During the pandemic, clinicians transitioned their practice to virtual care, and a large portion of the workforce began to work remotely. Healthcare providers were hit hard financially during the early waves of the pandemic and now many are turning to technology to become more efficient and cost-effective.
During the Becker's Health IT + Revenue Cycle Virtual Event Oct. 6 -9, experts from across the U.S. discussed the biggest opportunities and threats for healthcare providers today. Click here to view the panels on-demand.
Here are 16 takeaways from the event.
1. Hospitals moved quickly once the pandemic hit to ramp up telehealth services, and now they're looking at ways to expand those services post-pandemic. Some hospital leaders were previously reluctant to expand telehealth because it wasn't always reimbursable. Currently, it is reimbursable and hospital leaders hope that continues.
2. Healthcare providers with robust data analytics capabilities were more prepared to respond quickly to the pandemic. Hospitals across the U.S. rapidly accelerated data analytics projects and are making an effort to expand real-time data reporting, data storage and predictive analytics. It is more important than ever to have organized, clean and complete data to care for patients and prepare for future disasters.
3. To grow their footprints and strengthen certain service lines, some hospitals are moving away from traditional acquisitions and looking to partner with physician groups, ASCs and even competing organizations. They're seeing service arrangements change and expect to see more affiliations in the future.
4. Healthcare systems have to value each individual person and provide what they need in the simplest way possible. This obviously involves technology, with the pandemic pushing forward the personalized digital health movement.
5. Hospitals and health systems are investing in traditional and non-traditional healthcare solutions to bring in additional revenue. Some have venture capital arms and others are informally investing in technology startups. There will likely be new business models and collaborations that provide needed population health service lines, especially for underserved or under-resourced communities, that will be more cost-efficient.
6. When implementing new technologies, it's critical to be laser-focused on a facility's needs. Avoid the siloed solutions and partnerships of the past and look for something more; a seamless and patient-focused retail experience. Use digital transformation to really improve how care is provided.
7. Increases in remote care and declines in in-person visits amid COVID-19 have pushed hospital leaders to reexamine how their organization maintains an empathic relationship with patients outside of the hospital. Moving forward, technology will not only play an essential role in clinical care delivery, it will also support provider efforts to build trusting relationships with patients.
8. Healthcare is saturated with data, but some data may get overlooked in the revenue cycle, such as the time it takes a patient to get back to the provider once they walk in the door. By looking at data that is most meaningful to the organization, hospitals can reduce risk of losing significant reimbursement.
9. The pandemic has allowed hospital IT, operational and revenue cycle areas to collaborate to reduce the financial effects and stressors related to the public health crisis. Leaders in these areas also have been able to come together to strategize for the future.
10. The COVID-19 pandemic has underscored the importance of improving workflows, achieving greater clinical efficiencies and better integrating data across a health system. This need will continue to accelerate digital transformation in the healthcare industry, as leaders look to capabilities like natural language processing, remote process automation and cloud-based technologies, among others.
11. The best ideas for the intersection of revenue cycle and health IT should include automation, more reliance on data than anecdotes, outsourcing where applicable and investing in EHRs that better integrate front- and back-end billing processes within them.
12. Prior to COVID-19, many healthcare leaders took a hospital-centric approach to innovation, focusing almost entirely on improving clinical care inside the four walls of the hospital. Now, healthcare leaders are thinking about transforming the way their organizations care and interact with patients outside the hospital.

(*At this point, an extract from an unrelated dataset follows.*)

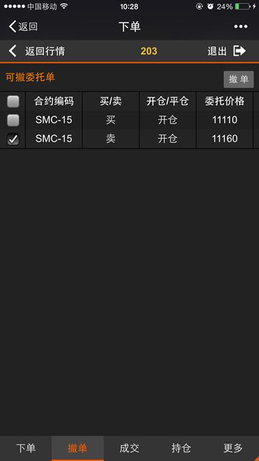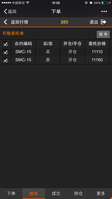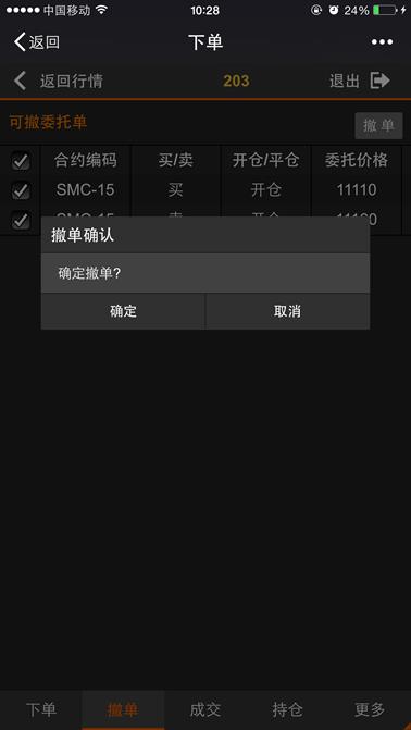 撤单页面显示当日下单成功后没有成交的委托单记录,这些记录可进行“撤单”操作,下图所示,在对应的可撤委托单列表的复选框中勾选需要撤单的委托单点击【撤单】按钮。或者在可撤委托单列表最顶上的复选框中勾选后点击【撤单】按钮则撤掉所有委托单,并弹出确认弹出框,点击【确定】或【取消】按钮返回撤单成功或失败的提示,页面支持左右移动来查看信息,点击【返回】按钮则返回行情列表,点击【退出】则退出登录。

13. Relationship-building — across teams and leadership — will continue to be instrumental when setting up IT initiatives quickly and successfully to improve patient experience and service quality. Silos need to come down so expertise can be shared across teams and extended to the community.
14. Many healthcare organizations have established a work-from-home policy for the revenue cycle department due to the COVID-19 pandemic. This has led to several positives such as an increase in staff satisfaction and cost-savings opportunities like the ability to save on lease payments for brick-and-mortar offices. However, revenue cycle leaders must pay attention to how the remote strategy will impact team dynamics and productivity in the long run. They should consider what the culture look like and whether the team will maintain its efficiency in 10 years when it may consist of only people who were hired remotely and work remotely.
15. Healthcare organizations need to look at tech from a health equity lens — for example, though telemedicine has exploded, many platforms do not have interpreter services, which then creates a digital divide. Socioeconomic status is not a proxy for race and ethnicity, and health systems are initiating efforts to understand social determinants of health as well as some of the systemic issues such as racism and bias that have contributed to the disproportionate burden of COVID-19 on communities of color.
16. There are a lot of opportunities to deliver better, faster care and at a much lower cost, but big tech won't solve that problem — no one company or solution will be a silver bullet. Hospital leaders must work together to better understand patient needs and ensure patients are engaged in their care and clinical processes.